• **Data for this exercise**

# # # # # # #

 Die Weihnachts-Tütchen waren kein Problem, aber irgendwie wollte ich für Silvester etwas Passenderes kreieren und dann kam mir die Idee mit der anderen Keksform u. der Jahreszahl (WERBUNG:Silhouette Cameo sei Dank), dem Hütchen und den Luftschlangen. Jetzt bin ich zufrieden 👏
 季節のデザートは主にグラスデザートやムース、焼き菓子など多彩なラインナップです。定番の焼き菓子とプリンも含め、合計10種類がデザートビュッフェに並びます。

# # # # # # #

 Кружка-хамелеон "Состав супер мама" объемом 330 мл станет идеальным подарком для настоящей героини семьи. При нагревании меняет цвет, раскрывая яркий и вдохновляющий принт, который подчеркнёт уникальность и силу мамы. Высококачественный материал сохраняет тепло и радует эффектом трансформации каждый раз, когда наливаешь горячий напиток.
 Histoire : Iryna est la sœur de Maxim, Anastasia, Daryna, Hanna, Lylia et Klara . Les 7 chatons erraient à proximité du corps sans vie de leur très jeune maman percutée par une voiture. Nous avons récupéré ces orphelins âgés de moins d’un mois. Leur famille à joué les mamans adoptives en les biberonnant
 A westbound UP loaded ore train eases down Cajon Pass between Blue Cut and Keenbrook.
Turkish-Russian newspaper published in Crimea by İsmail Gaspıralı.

# # # # # # #

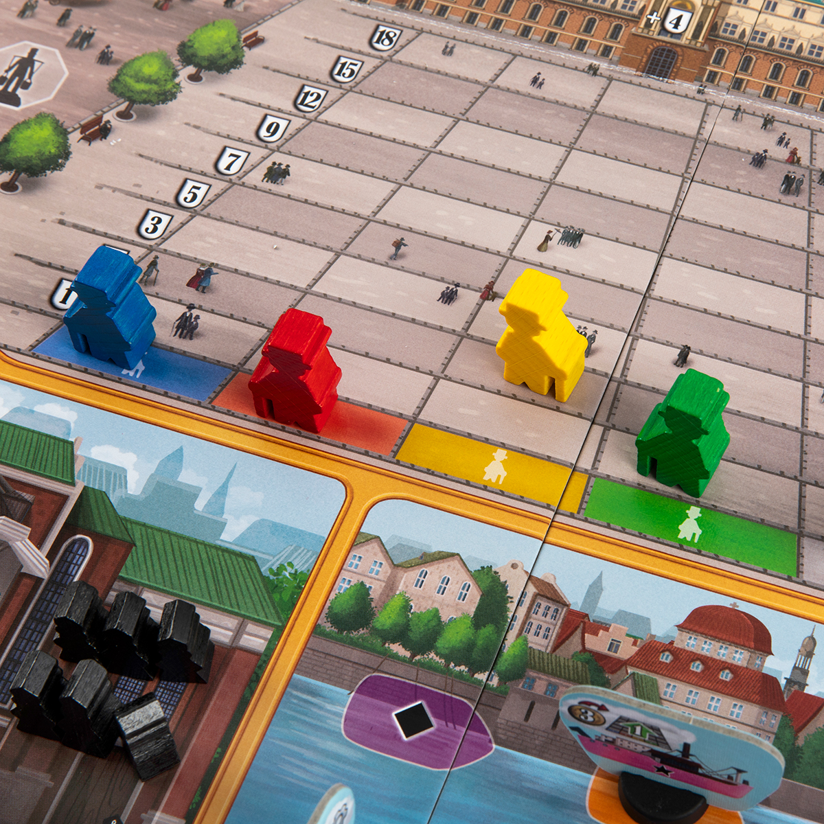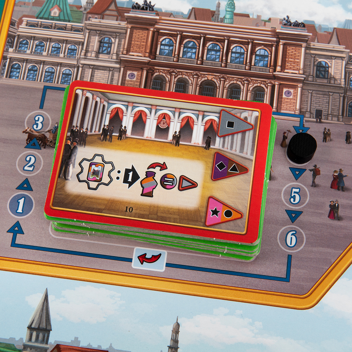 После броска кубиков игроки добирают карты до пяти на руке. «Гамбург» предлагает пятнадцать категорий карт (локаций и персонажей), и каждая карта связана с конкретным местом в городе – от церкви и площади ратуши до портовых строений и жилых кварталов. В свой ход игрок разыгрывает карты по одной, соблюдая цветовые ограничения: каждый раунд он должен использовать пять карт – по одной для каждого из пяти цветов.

# # # # # # #

• **Required work**
When the line with "Die Weihnachts-Tütchen waren" is reached in the data above, begin copying, and stop after the line with "季節のデザートは主にグラスデ"; copy each line exactly, both ends included.

• **Response to this exercise**
 Die Weihnachts-Tütchen waren kein Problem, aber irgendwie wollte ich für Silvester etwas Passenderes kreieren und dann kam mir die Idee mit der anderen Keksform u. der Jahreszahl (WERBUNG:Silhouette Cameo sei Dank), dem Hütchen und den Luftschlangen. Jetzt bin ich zufrieden 👏
 季節のデザートは主にグラスデザートやムース、焼き菓子など多彩なラインナップです。定番の焼き菓子とプリンも含め、合計10種類がデザートビュッフェに並びます。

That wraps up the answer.